EDSR is known for its simplicity and effectiveness in achieving state-of-the-art performance in super-resolution tasks
Now let us see the steps involved in enhancing the resolution of low quality images using EDSR deep learning model
First we will initialize the super resolution object
# initialize super resolution object
sr = dnn_superres.DnnSuperResImpl_create()
# read the model
path = 'EDSR_x4.pb'
sr.readModel(path)
# set the model and scale
sr.setModel('edsr', 4)
First we will create an instance of the DnnSuperResImpl class, which will be used to perform super-resolution using deep neural networks
Next the readModel() method is used to load the pre-trained EDSR model from the specified path. The model is usually stored in a .pb file format
Next set the loaded EDSR model as the active model for super-resolution. The first argument is the model type, which in this case is 'edsr'. The second argument specifies the scaling factor, which determines the degree of upscaling
After executing these steps, the sr object can be used to perform super-resolution using the EDSR model
Next step is optional if you have cuda support then you can execute the below code to set the preferable backend and target else it will use the CPU
# if you have cuda support
sr.setPreferableBackend(cv2.dnn.DNN_BACKEND_CUDA)
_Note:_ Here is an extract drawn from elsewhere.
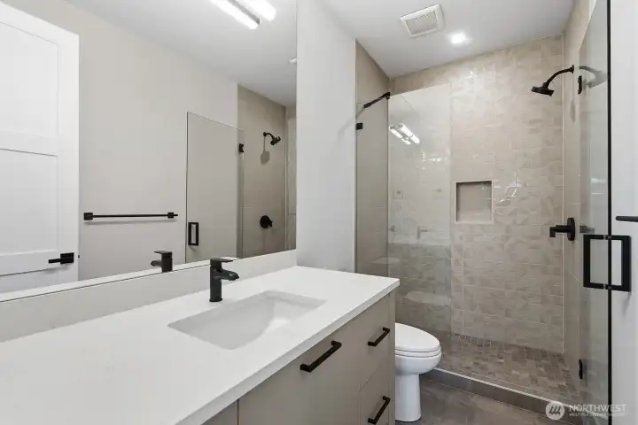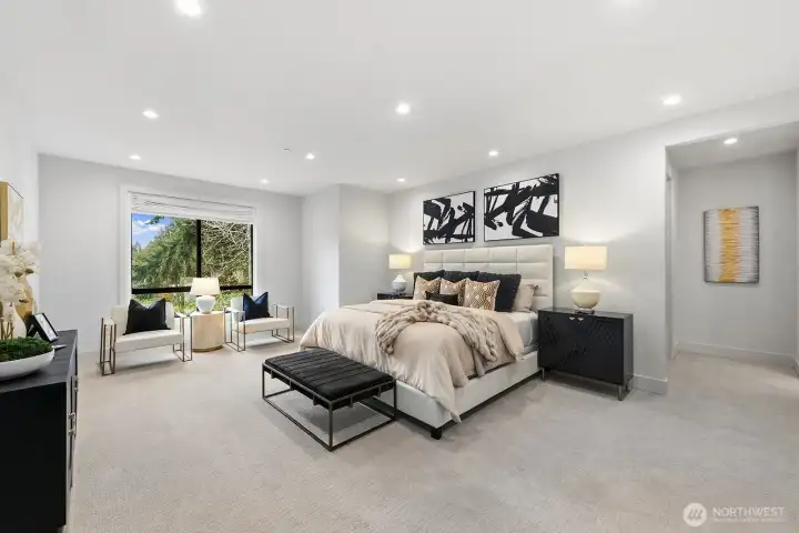 Welcome to modern luxury living in Bellevue's highly sought-after Lake Hills community! This thoughtfully designed 5-bedroom, 4-bathroom home isn't just impressive; it's easy to live in. The 2-story great room makes an immediate statement, filling the home with abundant light and a sense of space, while the chef's kitchen, outfitted with top-of-the-line Thermador Wi-Fi-enabled appliances, anchors everyday living and effortless entertaining. Spa-inspired bathrooms offer a daily escape, and the covered patio extends your living space year-round, perfect for quiet mornings or hosting friends. Add in a prime location, just steps to Lake Hills Community Park, and Phantom Lake Elementary School, which is part of the top-ranked Bellevue schools, and you have a home that truly delivers on lifestyle, comfort, and long-term value.
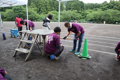 朝早くから、「粋なおやじの会」の皆様が、沢地小運動会のためにお力をお貸し下さいました。テント設営からテーブル、椅子の設置まで短時間で、ご協力くださり、なんとか予定された時刻に運動会をスタートすることができました。また閉会式後には、テント撤収と遊具のロープ外し、テーブルと椅子の撤収など、お力を貸していただきました。いつも本当にありがとうございます。感謝の気持ちでいっぱいです。たくさんの方々に支えられて、無事沢地小運動会を開催することができました。本当にありがとうございました。

sr.setPreferableTarget(cv2.dnn.DNN_TARGET_CUDA)
setPreferableBackend() sets the preferable backend for the EDSR model to CUDA. By setting the backend to CUDA, the EDSR model can leverage the power of NVIDIA GPUs for faster inference.
setPreferableTarget() sets the preferable target for the EDSR model to CUDA
By setting both the backend and target to CUDA, you ensure that the EDSR model utilizes the GPU's parallel processing capabilities, which can significantly speed up the super-resolution process compared to using only the CPU
Next we will have to feed the image for which you want to upscale the resolution
# load the image
image = cv2.imread('test.png')
This will load the given image
Next we will upscale the image using initialized EDSR model
# upsample the image
upscaled = sr.upsample(image)
# save the upscaled image
cv2.imwrite('upscaled_test.png', upscaled)
upsample() method of the sr object is used to perform super-resolution on the input image. The method takes the low-resolution image as input and returns the corresponding high-resolution image obtained through the EDSR model.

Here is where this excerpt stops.